Geçtiğimiz günlerde bir siyasi parti il başkanını sosyal medyadan yayınlamıştım. Trabzon Adliyesi’nden çıkarken ki görüntüsünü atıp, “Neden adliyeden çıktığını” sorgulamıştım.

Bu il başkanı gidip beni karakola şikayet etmişti! 

Şaşırmıştım! O gün şöyle yazdım; “Siyasi parti il başkanı neden bundan rahatsız olur? Gizlediği bir şey mi var?”

Uzatmayayım Taksim Karakolunda ifade verdim.

Şikayeti şöyleydi: “İzinsiz görüntümü paylaştı. Hakaret etti”

Birincisi kimseye hakaret etmedim. İkincisi görüntü paylaşımında izin alınacak durum yok. Ben bir medya mensubuyum, kamuya açık bir alan ve bir siyasi partinin temsilcisi olduğundan buna gerek yok!

Şikayet sonrası savcılık ifademi okudu. Kararını gönderdi.

Trabzon Cumhuriyet Başsavcılığı kararı şöyle duyurdu:”Dosyanın incelenmesinde şüphelinin gazeteci olduğu, paylaşıma konu kişinin siyasi parti temsilcisi olması kamuya mal olan bir kişi olup görüntülerin sosyal medyada şüpheli tarafından gazetecilik görevi çerçevesinde aktarılmasında atılı suça ilişkin unsurları oluşturmadığı anlaşılmış olup, şüpheli hakkında kamu adına kovuşturma yapılmasına yer olmadığına karar verilmiştir”

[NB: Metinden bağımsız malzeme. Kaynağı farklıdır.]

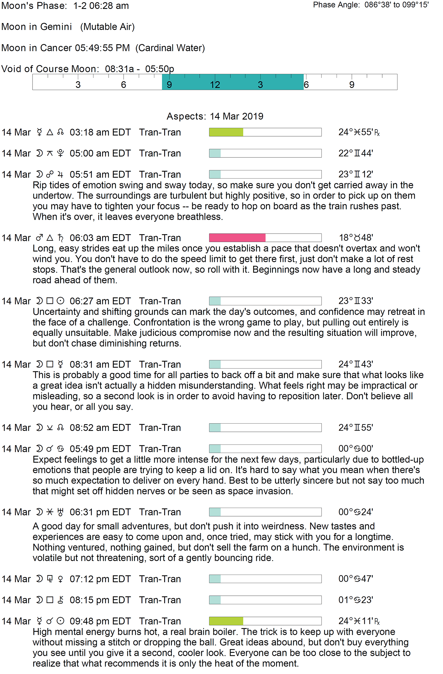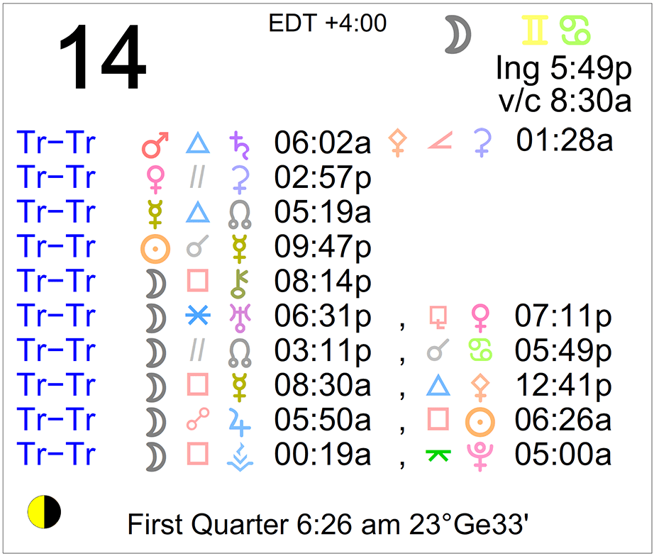 Planet Color Key: The longer the bar, the slower the aspecting planet and the longer the duration of the planet’s transit.

Kısaca suçsuz diyor! İşini yaptı gazeteci diyor devletin savcısı.. Davaya gerek yok!

Eyvallah halkın yanında görevimizin başındayız!

Peki tekrar soralım bir siyasi partinin il başkanı Trabzon adliyesinden çıktığı anın duyulmasını neden istemez? Siyasi parti il başkanı kendini saklamaya uğraşır mı? Yoksa kendini ifade etmeye mi çalışır? 

E soralım seçim kuruluna uğradı mı? Uğramadıysa hangi tür dosyası için ordaydı? 

Bence bu soruların cevabını en çok genel başkanı Muharrem İnce merak ediyordur.